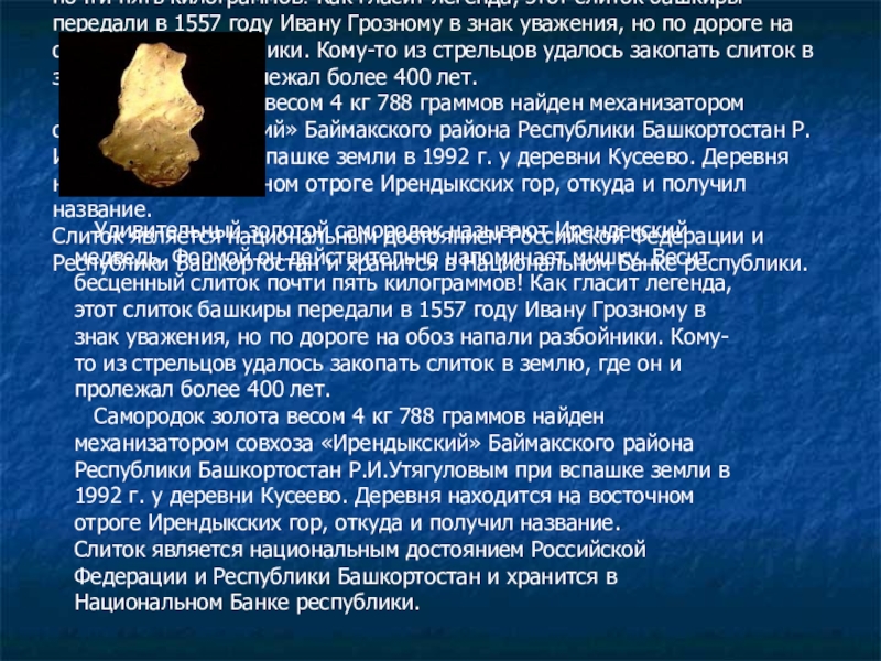 Удивительный золотой самородок называют Ирендекский медведь. Формой он действительно напоминает мишку. Весит бесценный слиток почти пять килограммов! Как гласит легенда, этот слиток башкиры передали в 1557 году Ивану Грозному в знак уважения, но по дороге на обоз напали разбойники. Кому-то из стрельцов удалось закопать слиток в землю, где он и пролежал более 400 лет.
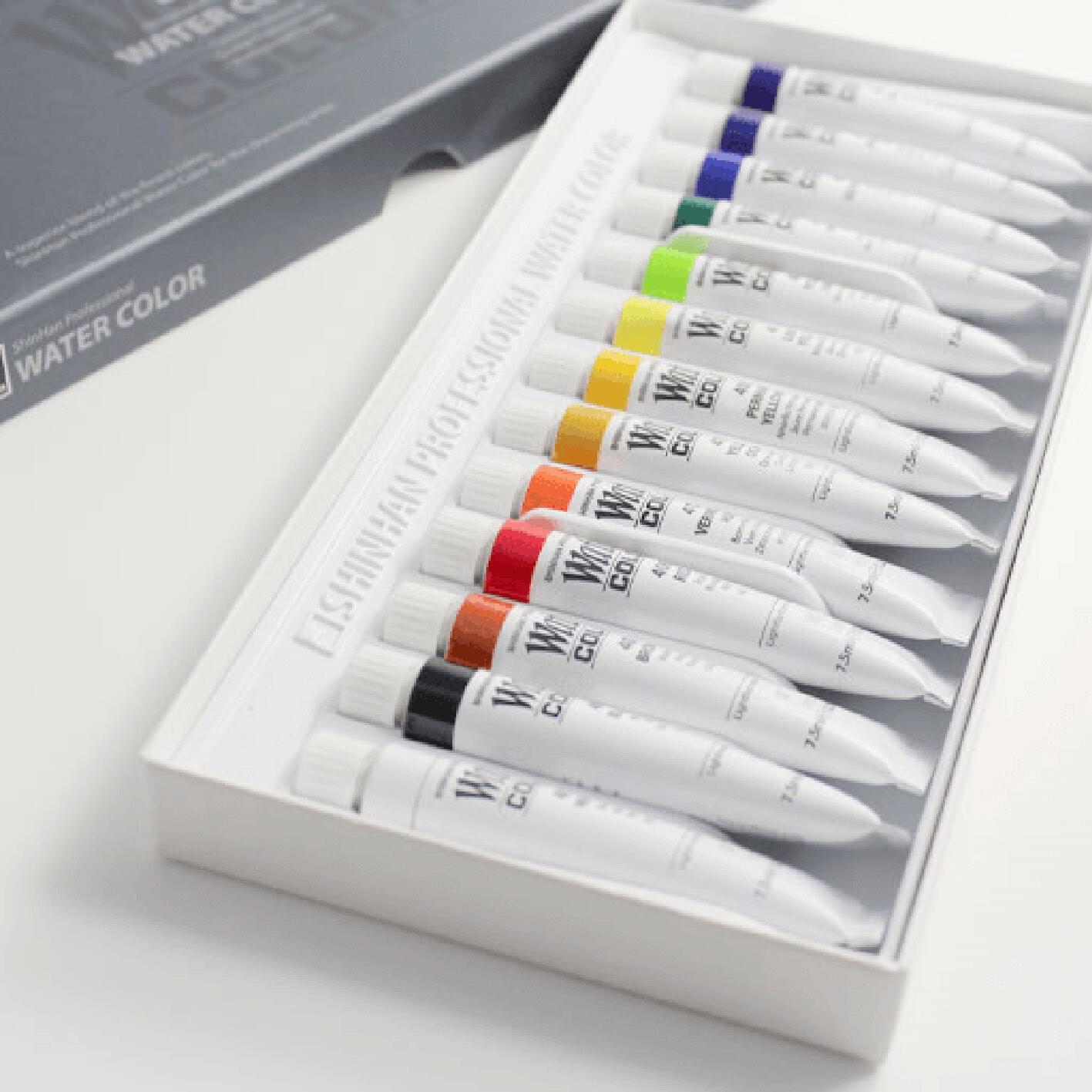 SHINHAN 7.5ml ARTISTS WATERCOLOURS - Set 13 Contains one 7.5ml tube each of white, black, brown, red, vermilion hue, yellow ochre, permanent yellow deep, lemon yellow, yellow green, viridian hue, ultramarine, prussian blue and violet. |
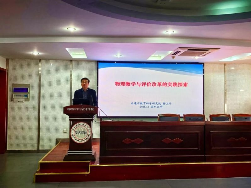 专家报告环节,南通市教育科学研究院院长徐卫华做了《中学物理教学与评价改革的区域实践》报告,强调依课标研教材的核心作用,解读了命题“三不变”“三增强”原则,并明确“加深学科理解、加强评价研究、注重教学创新”三大实践方向。
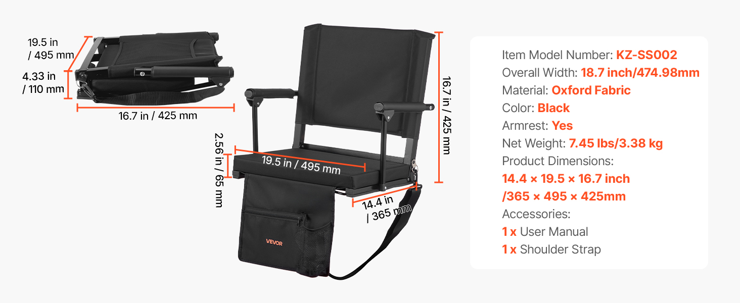 Wide Armchair Comfort: This portable bleacher seat is made with a lightweight steel frame, thick high-density foam, and 600D waterproof Oxford fabric. The 95° backrest offers cushioned support, while the 19-inch/482.6mm wide seat with armrests accommodates most users for comfortable viewing during sports events
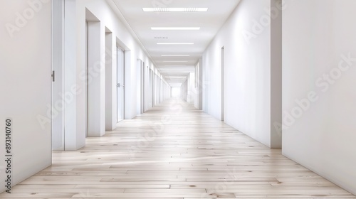 © DreamWeaver, Fototapeta premium A clean and empty school corridor with white walls and light wooden flooring

────────

- REQUIRED WORK:
Please retype the data exactly, but do not carry over any picture.

- OUTPUT FOR THIS TASK:
 Удивительный золотой самородок называют Ирендекский медведь. Формой он действительно напоминает мишку. Весит бесценный слиток почти пять килограммов! Как гласит легенда, этот слиток башкиры передали в 1557 году Ивану Грозному в знак уважения, но по дороге на обоз напали разбойники. Кому-то из стрельцов удалось закопать слиток в землю, где он и пролежал более 400 лет.
 SHINHAN 7.5ml ARTISTS WATERCOLOURS - Set 13 Contains one 7.5ml tube each of white, black, brown, red, vermilion hue, yellow ochre, permanent yellow deep, lemon yellow, yellow green, viridian hue, ultramarine, prussian blue and violet. |
 专家报告环节,南通市教育科学研究院院长徐卫华做了《中学物理教学与评价改革的区域实践》报告,强调依课标研教材的核心作用,解读了命题“三不变”“三增强”原则,并明确“加深学科理解、加强评价研究、注重教学创新”三大实践方向。
 Wide Armchair Comfort: This portable bleacher seat is made with a lightweight steel frame, thick high-density foam, and 600D waterproof Oxford fabric. The 95° backrest offers cushioned support, while the 19-inch/482.6mm wide seat with armrests accommodates most users for comfortable viewing during sports events
 © DreamWeaver, Fototapeta premium A clean and empty school corridor with white walls and light wooden flooring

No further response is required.